Due to pregnancy-induced physiologic changes, some pharmacokinetic properties of midazolam may be altered (Hebert 2008; Wilson 1987). Although use in obstetric procedures is not recommended by the manufacturer, midazolam use in obstetric anesthesia has been described (Frölich 2006; Heyman 1987; Kanto 1984; Neuman 2013; Senel 2014; Shergill 2012).
The ACOG recommends that pregnant women should not be denied medically necessary surgery regardless of trimester. If the procedure is elective, it should be delayed until after delivery (ACOG 775 2019).
Patient Education
What is this drug used for?
- It is used to calm you before a procedure, to cause sleep during a procedure, and to treat seizures.
Frequently reported side effects of this drug
- Stuffy nose
- Sore throat
- Headache
- Nausea
- Vomiting
- Loss of strength and energy
- Injection site irritation
- Trouble with memory
Other side effects of this drug: Talk with your doctor right away if you have any of these signs of:
- Difficulty breathing
- Slow breathing
- Shallow breathing
- Severe fatigue
- Chest pain
- Tremors
- Twitching
- Passing out
- Agitation
- Abnormal movements
- Depression like thoughts of suicide, anxiety, emotional instability, or confusion
- Irritability
- Panic attacks
- Mood changes
- Behavioral changes
- Agitation
- Seizures
- Severe dizziness
- Signs of a significant reaction like wheezing; chest tightness; fever; itching; bad cough; blue skin color; seizures; or swelling of face, lips, tongue, or throat.
Note: This is not a comprehensive list of all side effects. Talk to your doctor if you have questions.

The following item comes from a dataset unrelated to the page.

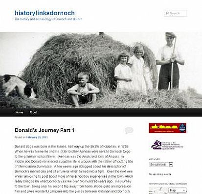 The blog is complementary to Historylinks Museum's web presence which has been progressively enhanced in the last few years. Before 2005 the museum's website was rudimentary and did not attract many visitors. The website now provides details about the museum and its permanent displays, Dornoch Roll of Honour Memorial pages added in 2009, and quarterly 'What's New' reports on Dornoch Heritage Society and Historylinks Museum activity.
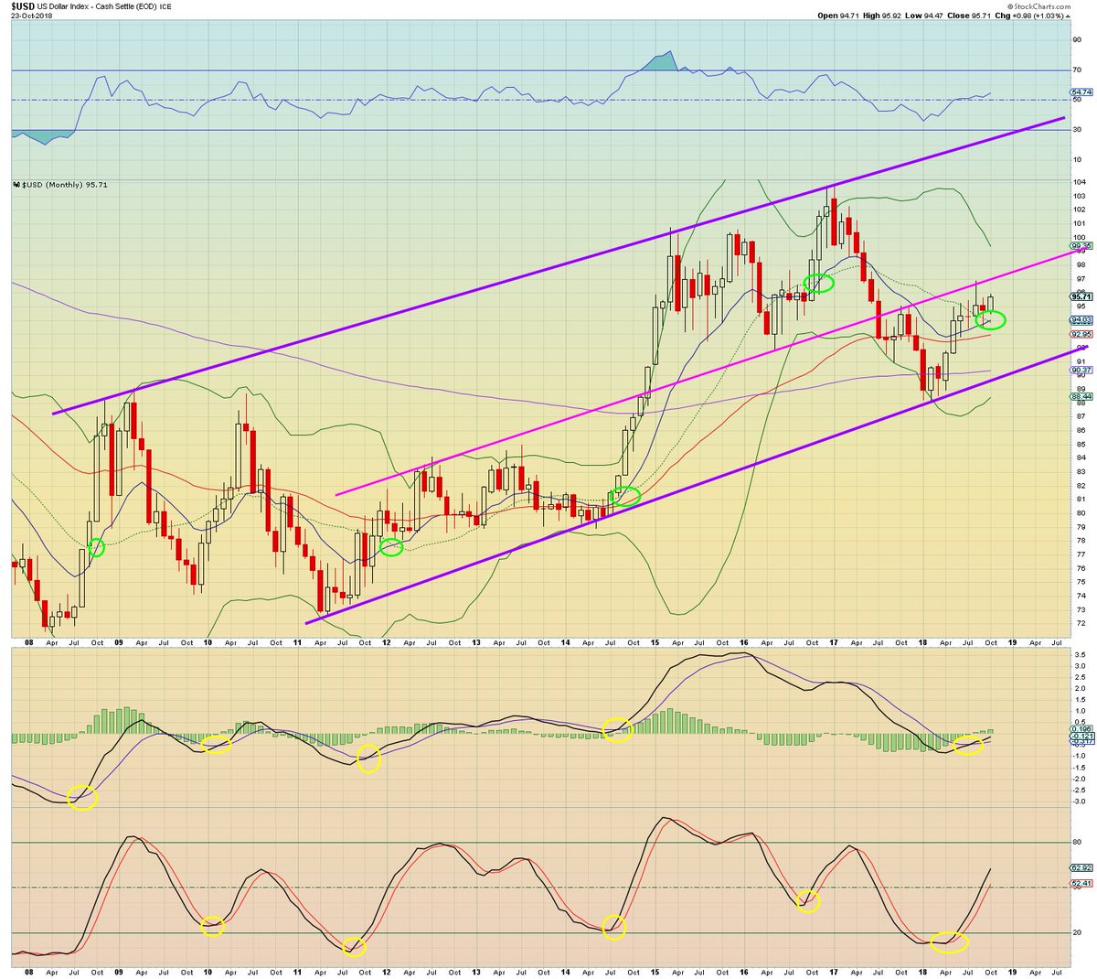 . Taking the long term perspective greatly simplifies current momentum in #USD.#Dollar MACD/Stoichs + 13MA/BC have ALL crossed bullish. RSI & 13MA not crossing 50MA also very bullish. Only resistance dropping UppeR BBpic.twitter.com/OuumxDQX3T

Consumer Information Use and Disclaimer: This information should not be used to decide whether or not to take this medicine or any other medicine. Only the healthcare provider has the knowledge and training to decide which medicines are right for a specific patient. This information does not endorse any medicine as safe, effective, or approved for treating any patient or health condition. This is only a brief summary of general information about this medicine. It does NOT include all information about the possible uses, directions, warnings, precautions, interactions, adverse effects, or risks that may apply to this medicine. This information is not specific medical advice and does not replace information you receive from the healthcare provider. You must talk with the healthcare provider for complete information about the risks and benefits of using this medicine.